Bug #23853
closedInefficent implementation - very long query time for "rbd ls -l" queries
0%
Description
We are trying to integrate a storage repository in xenserver.
Summary:
The slowness is a real pain for us, because this prevents the xen storage repository to work efficently.
Gathering information for XEN Pools with hundreds of virtual machines (using "--format json") would be a real pain...

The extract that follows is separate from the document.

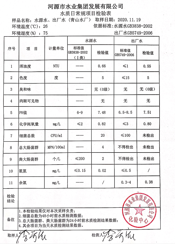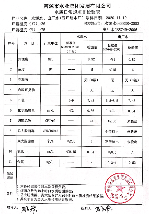 2020年11月19日水質(zhì)檢驗報告
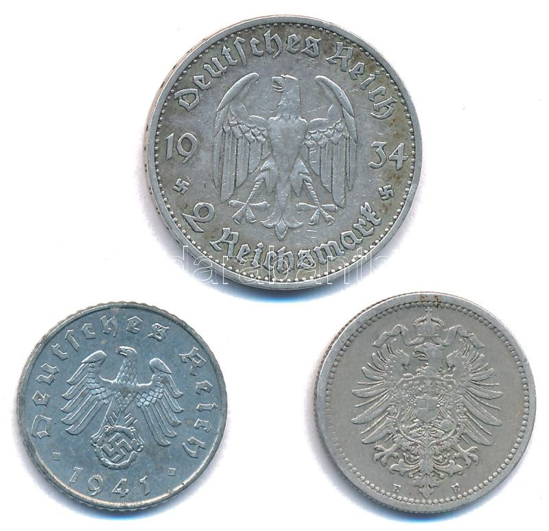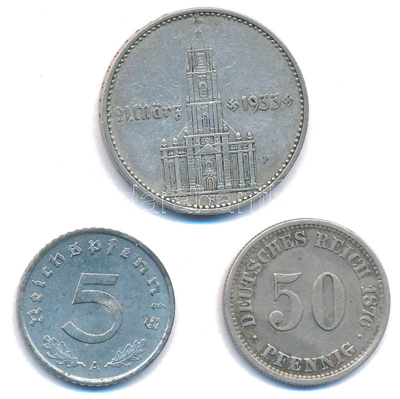 Német Birodalom 1876E 50pf Ag + Német Harmadik Birodalom 1934A 2M Ag "Garnisonkirche" + 1941A 5pf T:2,2- folt

The high user time consumption and the really huge amount of threads suggests that there is something really inefficient in the "rbd" utility.
So what can i do to make "rbd ls -l" faster or to get comparable information regarding snapshot hierarchy information?

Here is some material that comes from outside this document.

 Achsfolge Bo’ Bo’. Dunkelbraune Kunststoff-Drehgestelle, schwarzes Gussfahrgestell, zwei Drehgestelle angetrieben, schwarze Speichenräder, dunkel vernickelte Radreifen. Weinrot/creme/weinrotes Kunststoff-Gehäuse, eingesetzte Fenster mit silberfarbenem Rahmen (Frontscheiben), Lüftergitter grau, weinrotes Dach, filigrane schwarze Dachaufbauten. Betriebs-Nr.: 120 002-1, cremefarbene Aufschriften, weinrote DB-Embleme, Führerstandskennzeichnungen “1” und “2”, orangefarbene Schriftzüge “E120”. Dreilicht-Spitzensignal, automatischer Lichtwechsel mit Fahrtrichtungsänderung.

We have a strange problem on listing the images of a SSD pool.
# time rbd ls -l --pool RBD_XenStorage-07449252-bf96-4daa-b0a6-687b7f1c369c
NAME SIZE PARENT FMT PROT LOCK
RBD-0192938e-cb4b-4ee1-9988-b8145704ac81 20480M RBD_XenStorage-07449252-bf96-4daa-b0a6-687b7f1c369c/RBD-8b2cfe76-44b7-4393-b376-f675366831c3@BASE 2
RBD-0192938e-cb4b-4ee1-9988-b8145704ac81@BASE 20480M RBD_XenStorage-07449252-bf96-4daa-b0a6-687b7f1c369c/RBD-8b2cfe76-44b7-4393-b376-f675366831c3@BASE 2 yes
..
__srlock__ 0 2
real 0m8.726s
user 0m8.506s
sys 0m0.591s
===> This incredibly slow for outputting 105 lines.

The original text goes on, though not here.